# YOUR GOAL
From the line containing "VASAGLE Appendiabiti, Mobile" through the last line of the records below, output every line exactly as it appears, but leave out the pictures.

(Extracted data entries)
____________
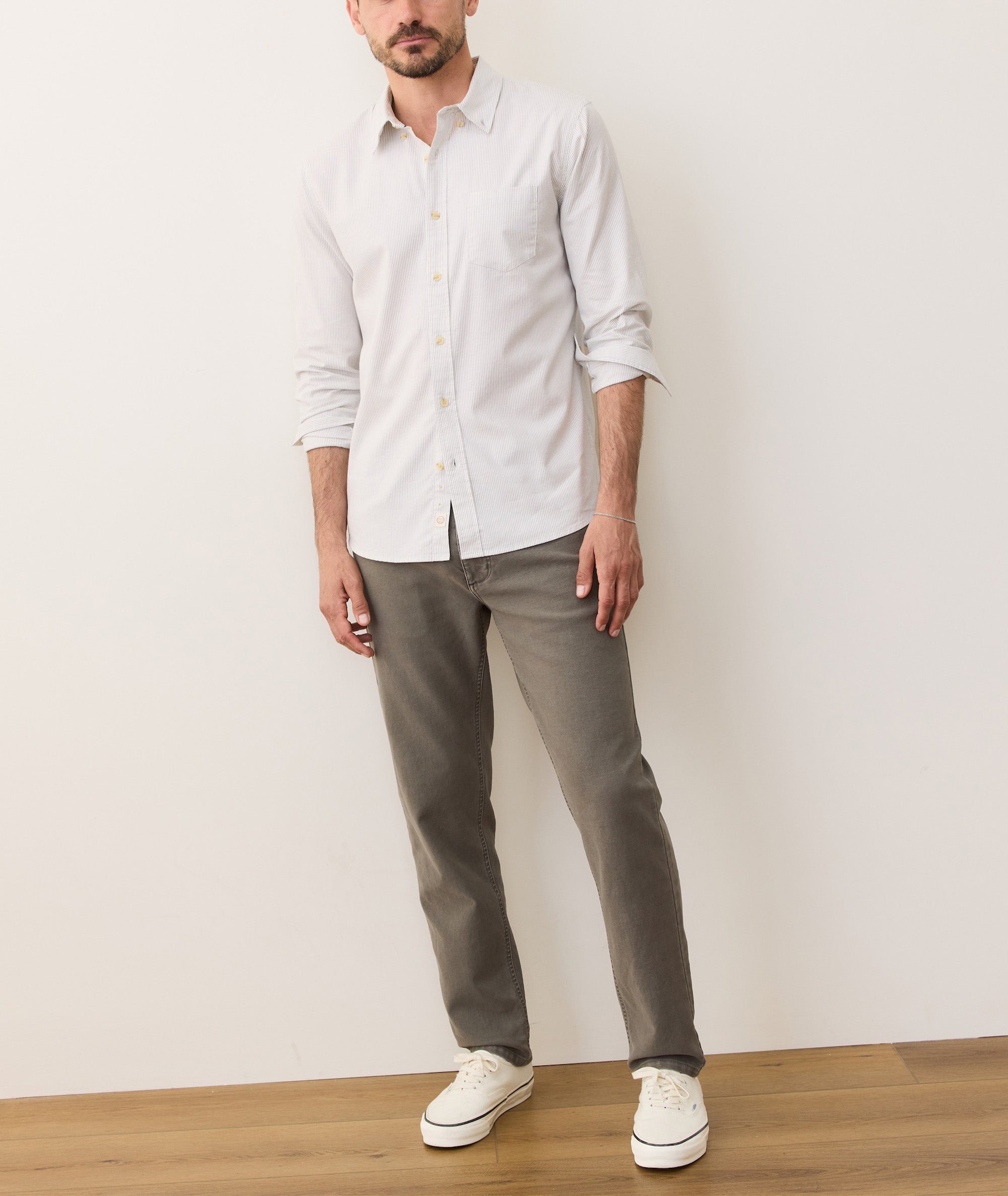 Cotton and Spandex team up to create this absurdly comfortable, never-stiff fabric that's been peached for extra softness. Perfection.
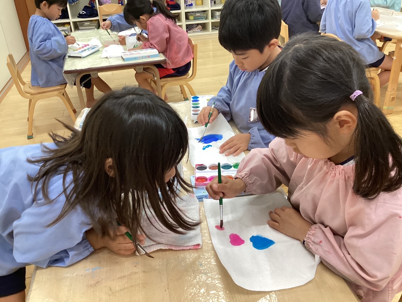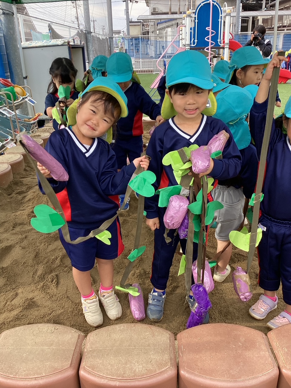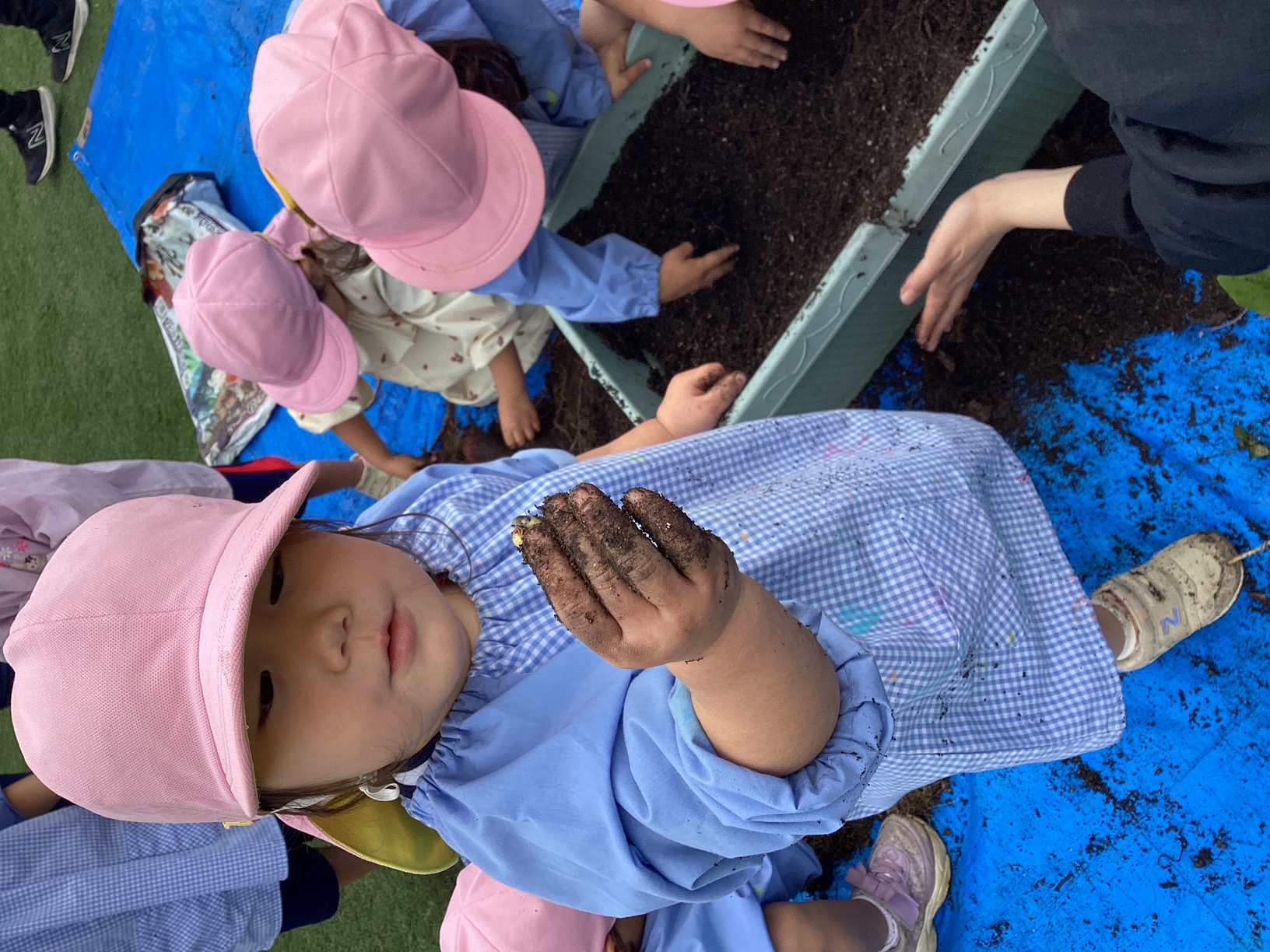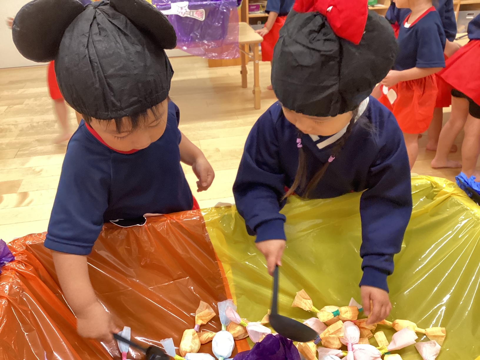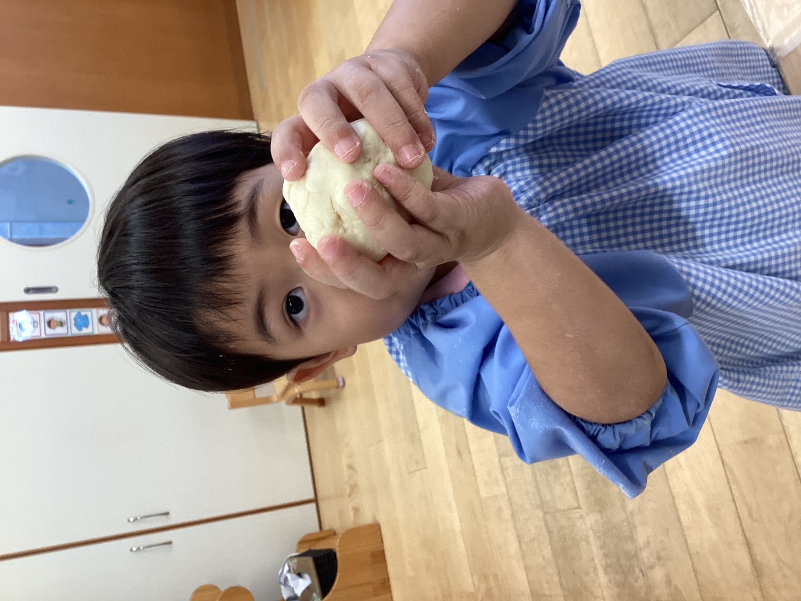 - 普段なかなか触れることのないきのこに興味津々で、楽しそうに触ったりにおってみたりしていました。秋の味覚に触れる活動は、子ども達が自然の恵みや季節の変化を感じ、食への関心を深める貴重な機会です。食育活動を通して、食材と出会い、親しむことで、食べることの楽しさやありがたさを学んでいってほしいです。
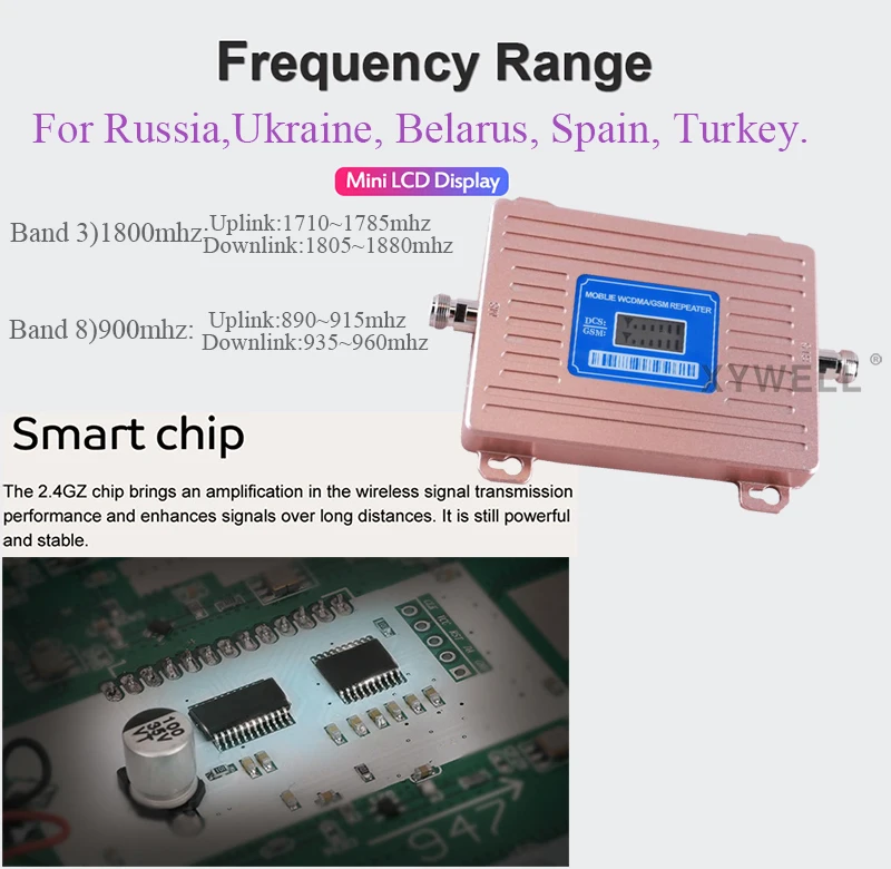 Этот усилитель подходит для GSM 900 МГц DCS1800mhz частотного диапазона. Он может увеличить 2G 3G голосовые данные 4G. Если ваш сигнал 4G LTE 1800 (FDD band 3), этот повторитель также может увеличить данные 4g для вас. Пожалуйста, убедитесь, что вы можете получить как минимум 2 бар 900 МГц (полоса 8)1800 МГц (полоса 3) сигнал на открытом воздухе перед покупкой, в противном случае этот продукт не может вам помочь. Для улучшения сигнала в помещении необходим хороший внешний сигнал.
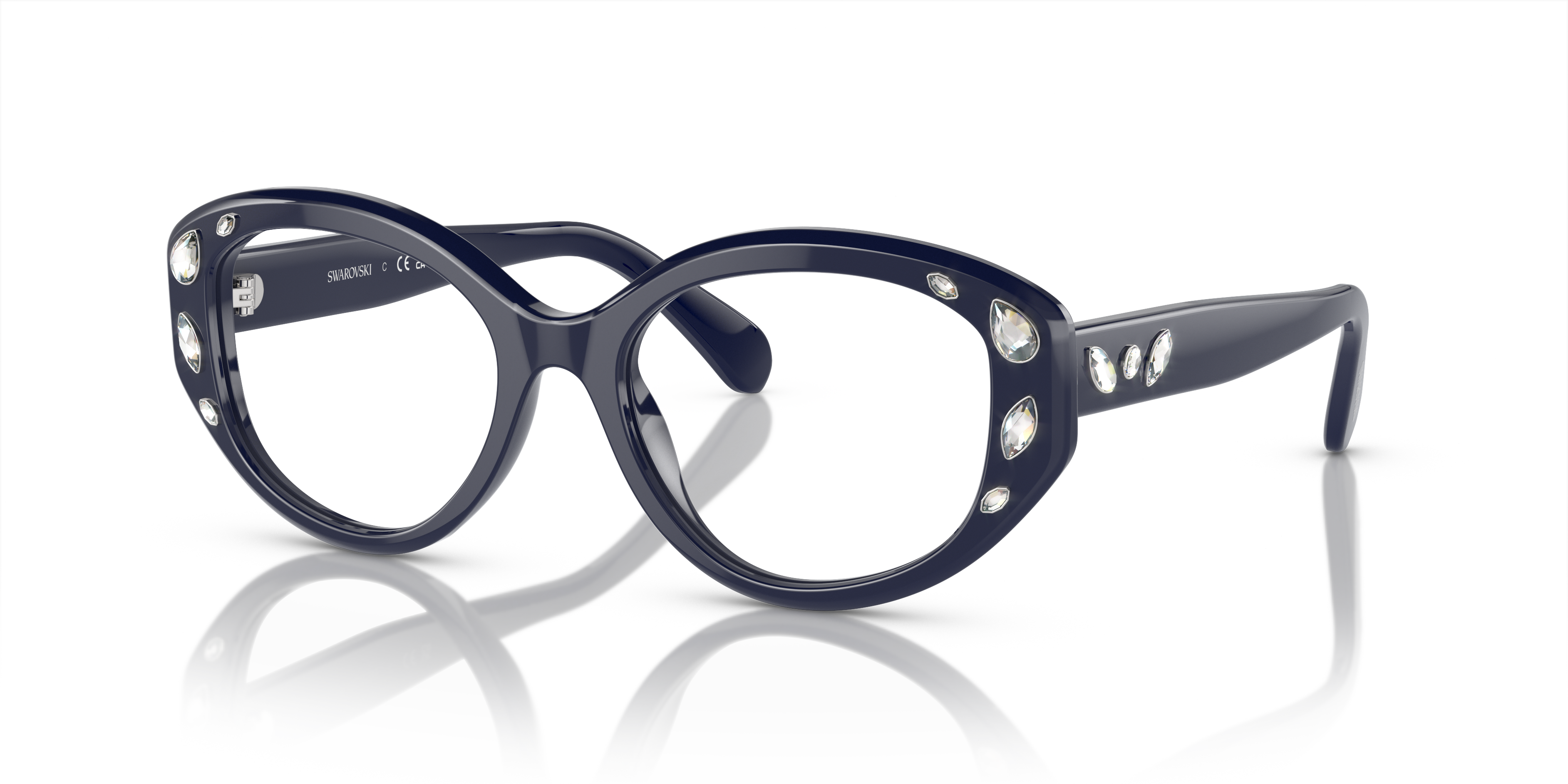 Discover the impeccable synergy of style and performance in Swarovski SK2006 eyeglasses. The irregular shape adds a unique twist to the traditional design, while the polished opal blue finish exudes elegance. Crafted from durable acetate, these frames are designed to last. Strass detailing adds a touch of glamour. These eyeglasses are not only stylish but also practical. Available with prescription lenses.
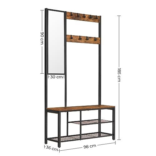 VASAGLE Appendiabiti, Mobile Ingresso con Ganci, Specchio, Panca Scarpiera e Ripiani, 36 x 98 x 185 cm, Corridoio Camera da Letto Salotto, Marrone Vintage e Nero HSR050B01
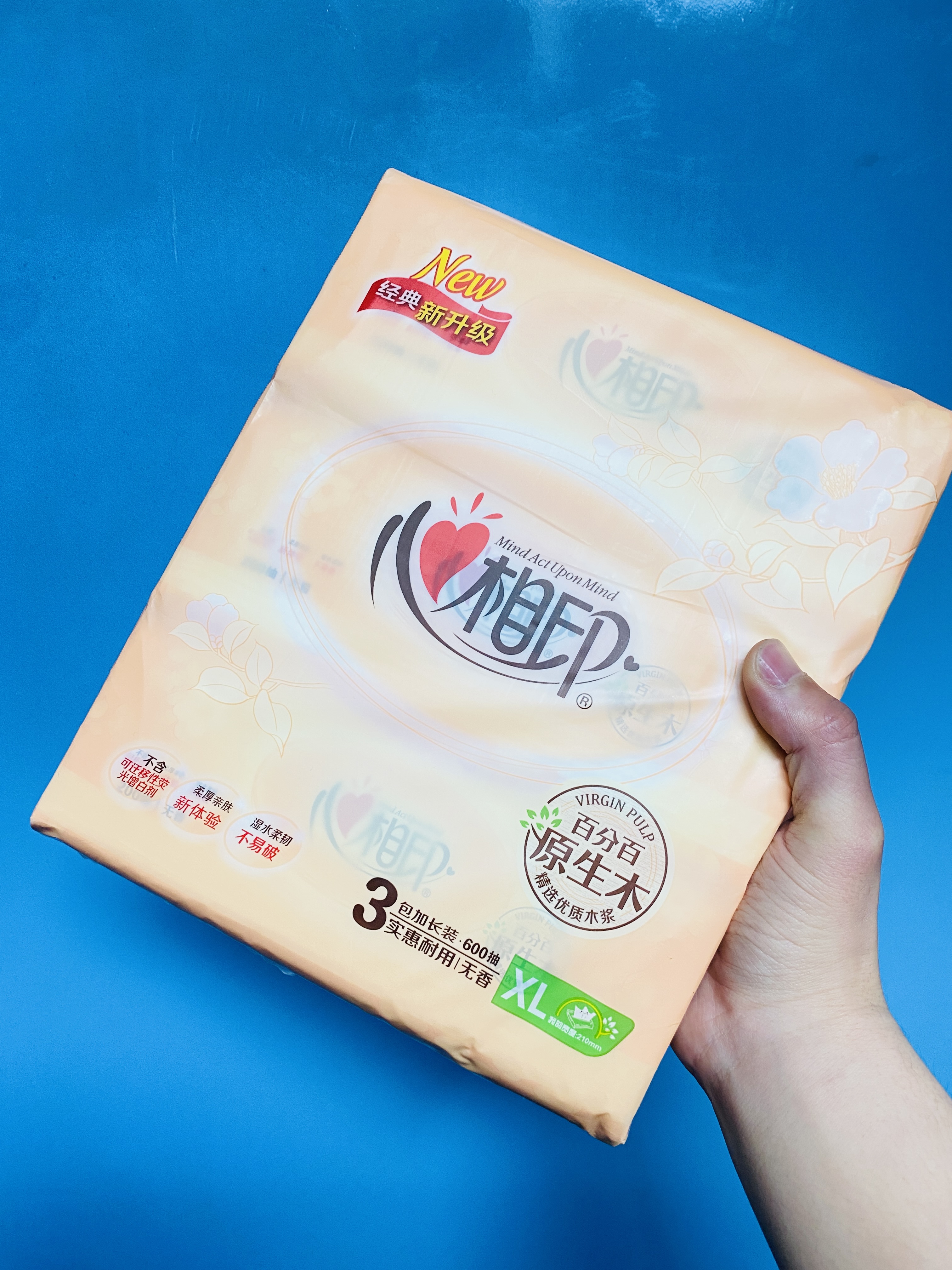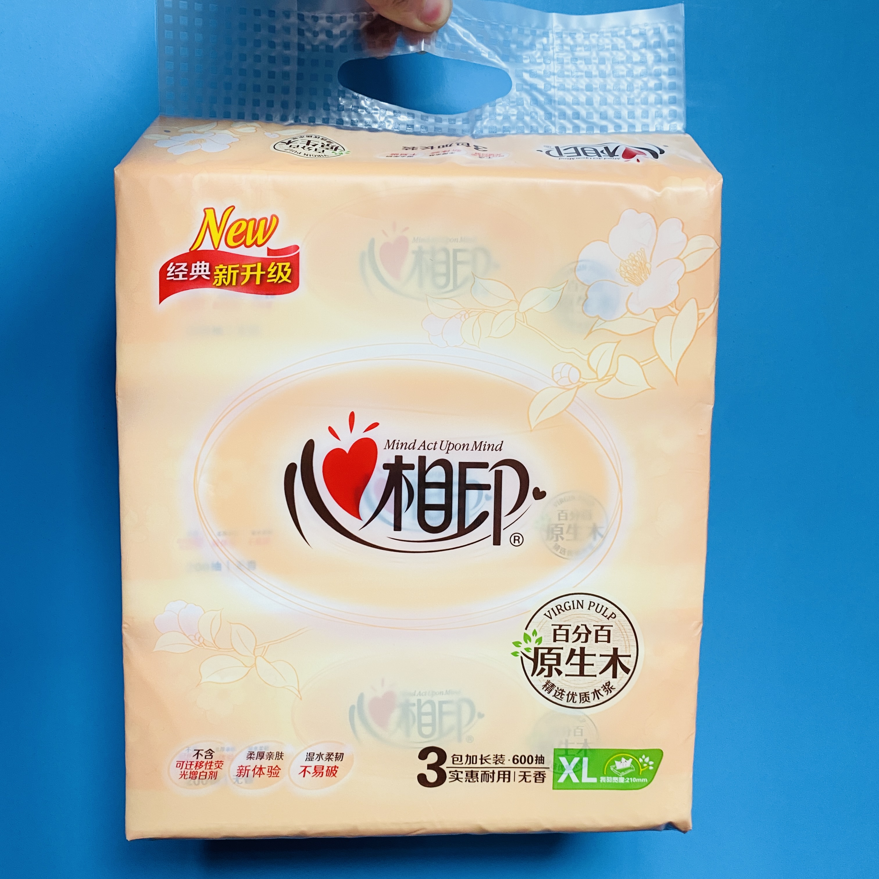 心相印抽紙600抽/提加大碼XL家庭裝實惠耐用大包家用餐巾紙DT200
____________
# RESULT OF THE TASK
 VASAGLE Appendiabiti, Mobile Ingresso con Ganci, Specchio, Panca Scarpiera e Ripiani, 36 x 98 x 185 cm, Corridoio Camera da Letto Salotto, Marrone Vintage e Nero HSR050B01
 心相印抽紙600抽/提加大碼XL家庭裝實惠耐用大包家用餐巾紙DT200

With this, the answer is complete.